0曾经不被视为数字. 什么都不可能?" 但是随着时间的流逝，我们开始接受0为数字，注意其属性和有用性.今天，"0不是数字"的说法与2000年前的想法一样荒谬.

0 was once not considered to be a number. "How can nothing be something?" But over time we came to accept 0 as a number, noticing its properties and its usefulness. Today the idea that 0 is not a number is as absurd as the idea that it was one 2,000 years ago.

Void是与0是数字相同的类型.与所有其他类型一样，其类型为*.正如Tikhon Jelvis的答案开始显示的那样，Void与0之间的相似性非常深.类型和数字之间有很强的数学类比，其中Either扮演加法的角色，绞结(,)扮演乘法的角色，(->)作为求幂函数(a -> b表示b ), () (pronounced "unit") as 1, and Void as 0.

类型可以采用的值数是该类型的数字解释.所以

The number of values a type may take is the numeric interpretation of the type. So

Either () (Either () ())

被解释为

1 + (1 + 1)

所以我们应该期望三个值.确实有三个.

so we should expect three values. And indeed there are exactly three.

Left ()
Right (Left ())
Right (Right ())

类似地，

(Either () (), Either () ())

被解释为

(1 + 1) * (1 + 1)

所以我们应该期望四个值.你能列出他们吗?

so we should expect four values. Can you list them?

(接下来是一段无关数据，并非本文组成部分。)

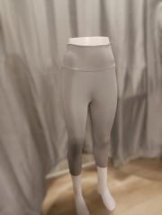 -Dokuma dalgıç kapri tayt tan üretilmiştir, Manken üzerindeki M bedendir, -Likralı ve esnek olması sebebiyle toparlayıcıdır, -Bel olarak yüksel bel dir, -Ürün 4 adet parçadan oluşmaktadır, -Dikiş teknolojisi olarak 4 iplik Overlok ve paça dikimi 3 iplik reçme den dikilmiştir, -Dikiş ip rengi olarak siyah renk kullanılmıştır, -Materyal bileşimi olarak: Dokuma Dalgıç kumatan üretilmiştir
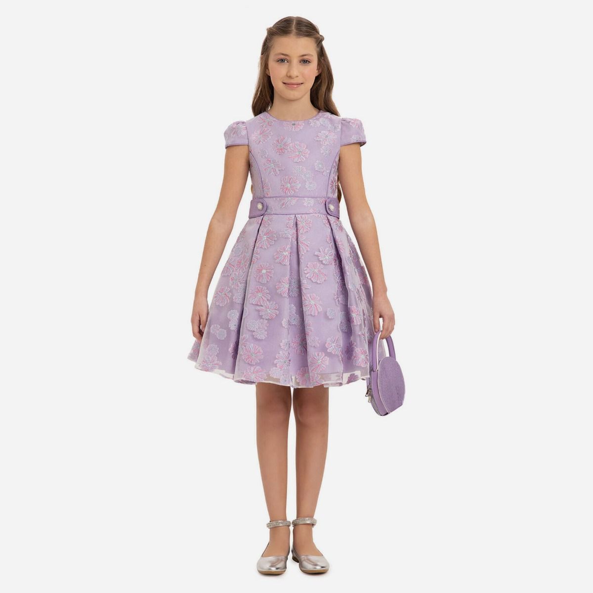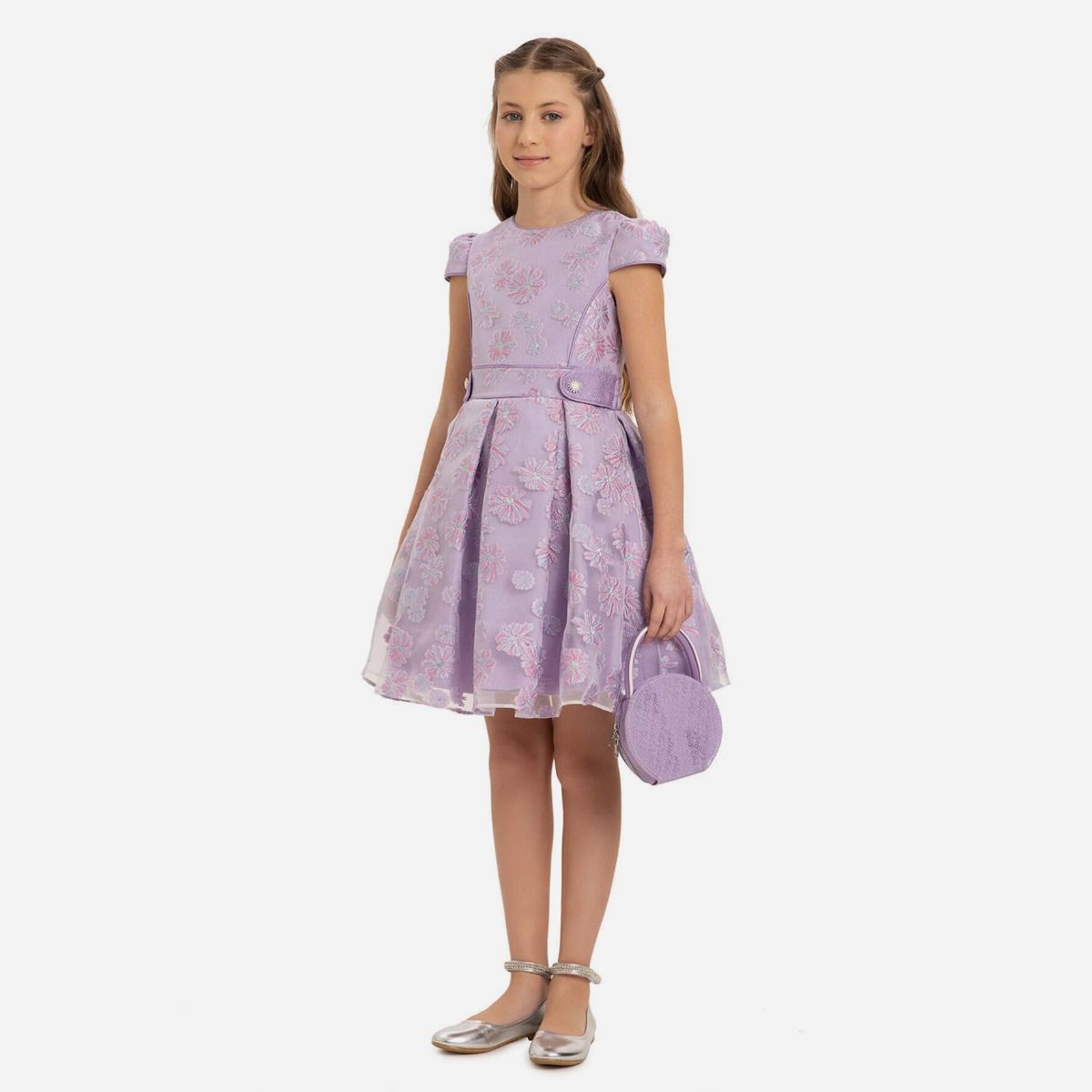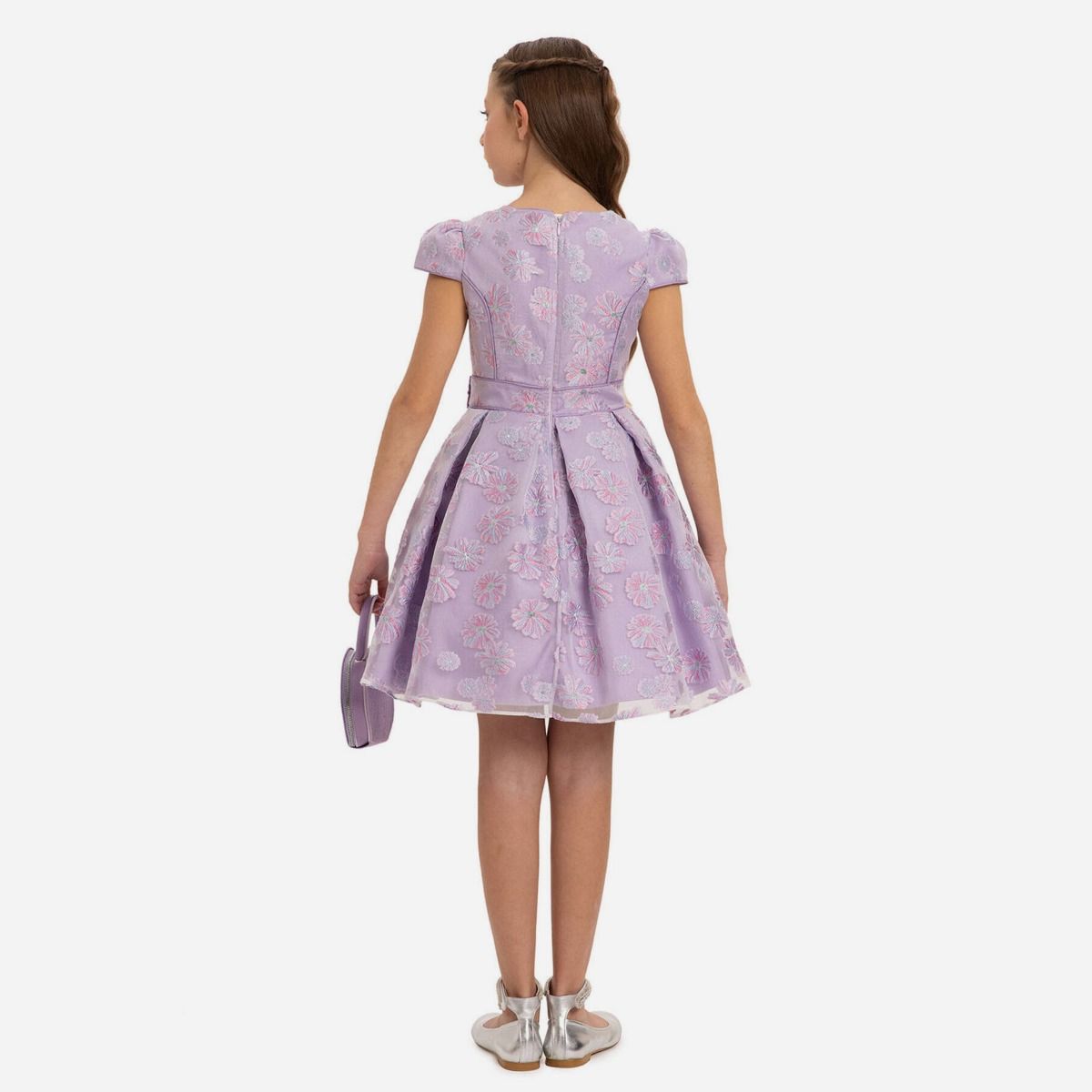 Robe de cérémonie à motifs fleurs + sac à main - Violet - Pamina
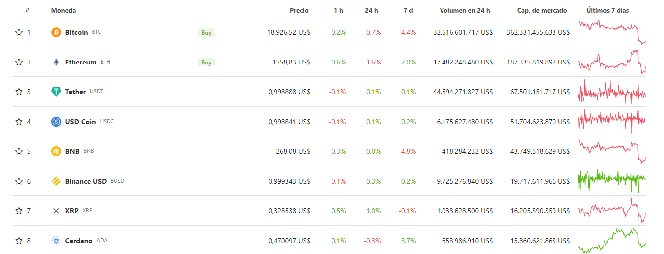 A pesar del fuerte golpe recibido por las principales criptomonedas, paulatinamente se acercan a cotizar en números verdes. Bitcoin (BTC) cotiza en 18,926 dólares, registrando una caída del 0.7%.
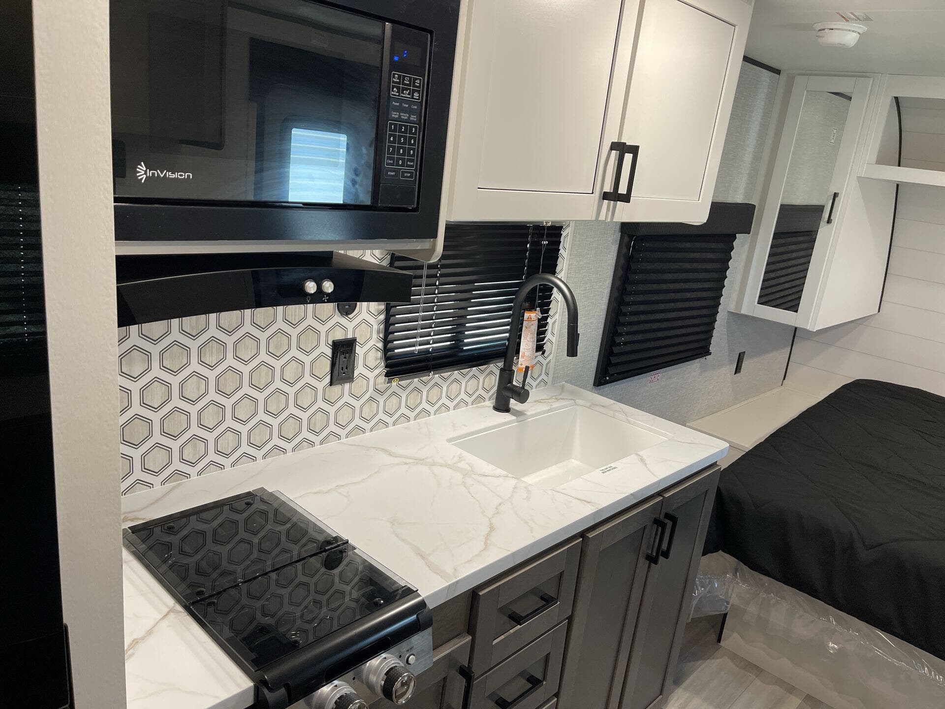 This well-equipped travel trailer includes a variety of features aimed at enhancing your travel experience:
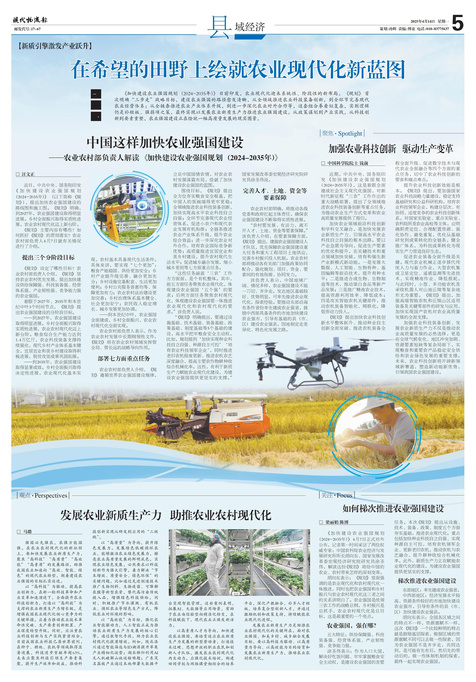 编者按 《加快建设农业强国规划(2024-2035年)》日前印发,农业现代化迎来系统性、阶段性的新布局。《...
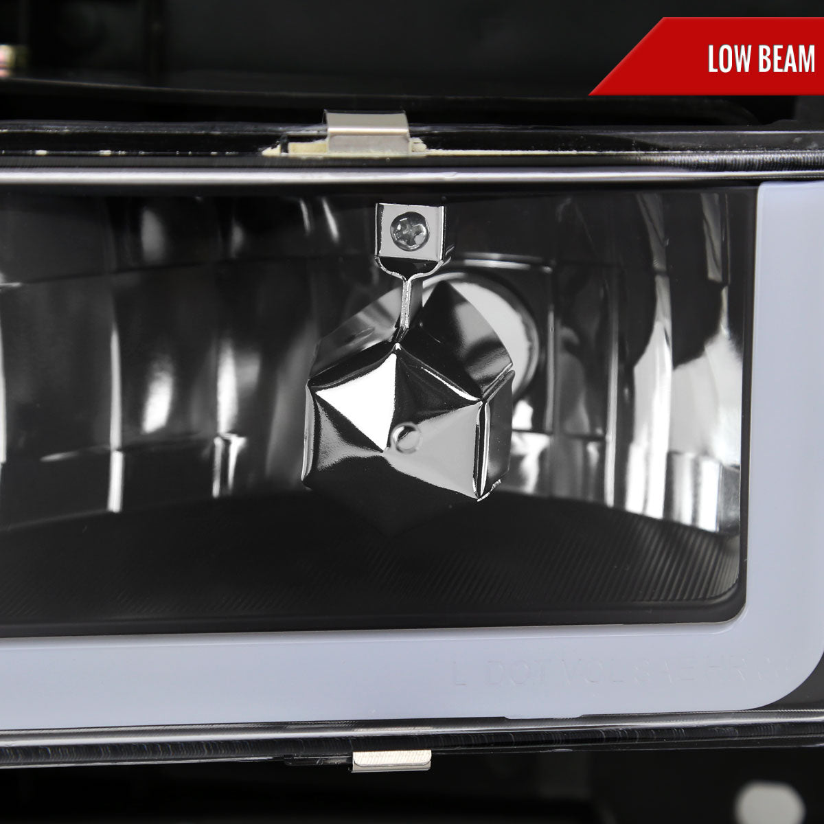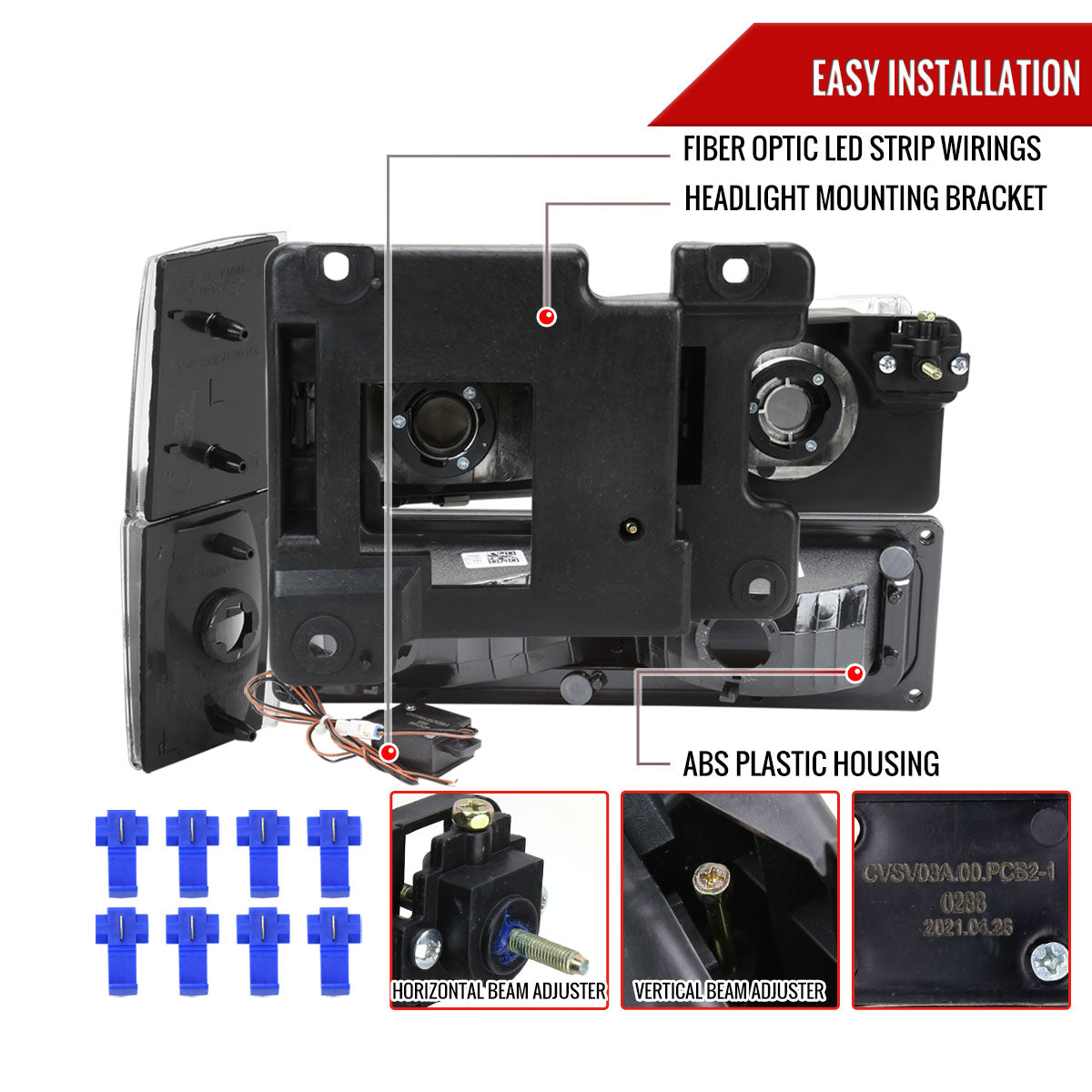 Comes with (1) pair of matte black housing bright white fiber optic LED strip with clear lens factory headlights with bumper and corner lights with amber reflector included
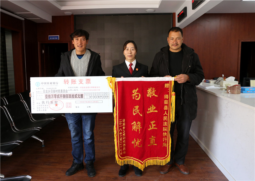 在執(zhí)行款發(fā)放現(xiàn)場(chǎng),得榮法院執(zhí)行局局長(zhǎng)小娜錯(cuò)法官正逐一核對(duì)當(dāng)事人信息,辦理領(lǐng)款手續(xù),她向筆者介紹說(shuō):“去年開始,我們?cè)诠矓M定出了29個(gè)基本解決執(zhí)行難的工作任務(wù),形成了7條具體措施,對(duì)所屬的11件執(zhí)行難案每件形成專項(xiàng)行動(dòng)方案,并將‘一案一辦法’的基本原則落實(shí)到了后續(xù)的23件案件執(zhí)行當(dāng)中,取得了良好的執(zhí)行效果,今后我們將持續(xù)深入執(zhí)行難專項(xiàng)行動(dòng),全面深入落實(shí)依法治理,切實(shí)保護(hù)人民群眾的合法權(quán)益,努力讓人民群眾在每一件司法案件中都感受到公平正義,感受到更多的幸福感和安全感?!?/p>

回到Void，您可以说Either () Void，它会被解释为1 +0.此类型的构造函数是Left ()，对于v的每个值Right v类型Void-但是没有类型Void的值，因此Either () Void的唯一构造函数是Left (). 1 + 0 = 1，我们得到了预期的结果.

Coming back to Void, you can have, say, Either () Void, which would be interpreted as 1 + 0. The constructors of this type are Left (), and Right v for every value v of type Void -- however there are no values of type Void, so the only constructor for Either () Void is Left (). And 1 + 0 = 1, so we got what we expected.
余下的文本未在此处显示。